Sunday, September 24, 2023

SpamSieve 3.0

I’ve been away from blogging for a few days because I’ve been busy finishing up SpamSieve 3, getting it released, and responding to the onslaught of support e-mails. This is a major upgrade, which rewrites most of the app, both at the user interface level and internally. (Hello to Swift, Core Data, and a new e-mail parser and localization system; goodbye to nibs, custom file formats, and many lines of Objective-C. Some things like using lots of AppKit and AppleScript are constants.) This all enables more accurate spam filtering, makes the app easier to set up and use, and enables lots of new features—some available now and others planned for the future.

Perhaps I’ll write about some of that later. For now, the most important point is that SpamSieve 2 won’t work with Apple Mail on Sonoma—which is arriving on Tuesday—because Sonoma removes support for Mail plug-ins. And SpamSieve 3 will work on Sonoma because the Mail integration has been rewritten using a Mail extension (plus lots of AppleScript). Besides updating the SpamSieve app, there are some other changes you’ll want to understand. I’ve written a guide explaining the transition.

So far, the update has gone very well at an engineering level. I was nervous about changing so many parts of the app at once, but thanks to careful design, lots of internal unit testing and stress testing, and a great group of beta testers, no significant bugs have been reported yet. Of course, there are a bunch of small issues that will be cleaned up and polished in 3.0.1 and beyond, but I’m really happy with the state of the app. I think Kenichi Yoshida did great job with the new app icon and the status indicators within it.

I also want to thank all of the localizers. Version 3 is launching with support for German, Spanish, French, Japanese, and Dutch. Swedish is in the works. (Let me know if you would like to help add another language.) The localizers and international resellers (ASH and Infinisys) did a lot of work on short notice to get everything ready before Sonoma was released. There have been a few minor issues with the Paddle and FastSpring stores, but for the most part they’ve worked very well.
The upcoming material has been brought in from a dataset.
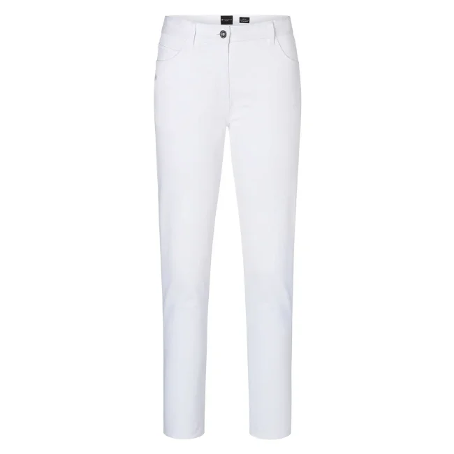 98% cotone, 2% elastan. Pantaloni casual da uomo in stile classico a 5 tasche, sviluppato per le massime esigenze di lavaggio (bianco: lavabile a 95°C / colorato: lavabile a 60°C), 2 tasche frontali, 1 tasca porta-monete a destra, 2 tasche posteriori, con passanti per cintura.
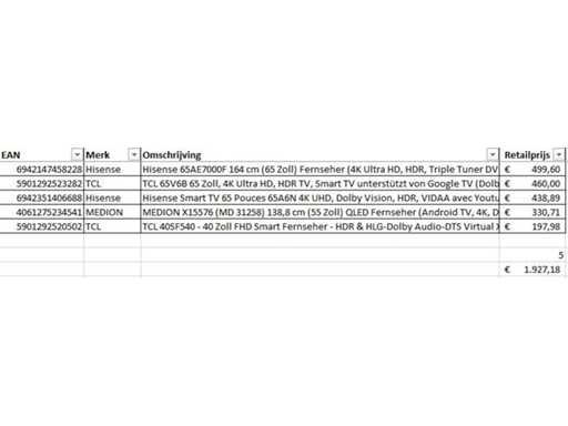 This concerns a batch of televisions returned goods from a large online retailer. The party consists of various sizes of televisions. Number of pieces: 5. Retail value: €1,927 The televisions are not working and can be used for parts. Come on the viewing day to get a good idea of the reason for return. See photos for list of contents.

What has not gone so well is the mailing lists for contacting my own customers. Here I changed nothing from what’s worked very well in the past, yet it seems as though many—maybe even most—customers did not receive the e-mails announcing the new version or highlighting how to handle the update to Sonoma. Even I didn’t receive the latter. It took me a while to realize this because I was getting tons of e-mails, but they were almost all individually written, not replies to the list messages, like normal. I’m in communication with DreamHost to see if they can figure out what happened and how many e-mails were actually delivered, but at this point I think I need to find an alternate solution. I’m looking into setting up Sendy. Yes, it is ironic that I’m running into trouble sending—rather than stopping—mass e-mails. And also that I’m going to send some people duplicate e-mails because it’s important enough that everyone be apprised of the situation with Sonoma.

Previously:

20 Comments RSS · Twitter · Mastodon

Congratulations on this culmination of this huge effort, Michael.

Mark David Johansen

Michael, you were a beast getting betas out and keeping moving towards the release, You had issues fixed before I could get a chance to report them. Congratulations of the release 3.0, and looking forward to 3.0.1 when you’ve had a chance to rest. Thanks for all that you do to keep my mailbox spamless.

Congrats Michael, on the big new release!

If you're still looking for email sending / marketing solutions I can recommend Direct Mail for the Mac. It's a native Mac app with a lot of great features, easy to use and reasonably priced (with a pay per email option). Email sending can occur through your own SMTP server or their server. Have also found their support excellent.

@Matthew Thanks. Direct Mail sounds promising and perhaps easier to set up, but their Web site seems to be down. It’s also not clear to me how people would subscribe/unsubscribe if it’s not server-based? The App Store description doesn’t mention that.

@Michael - the website is https://directmailmac.com and seems to be working now.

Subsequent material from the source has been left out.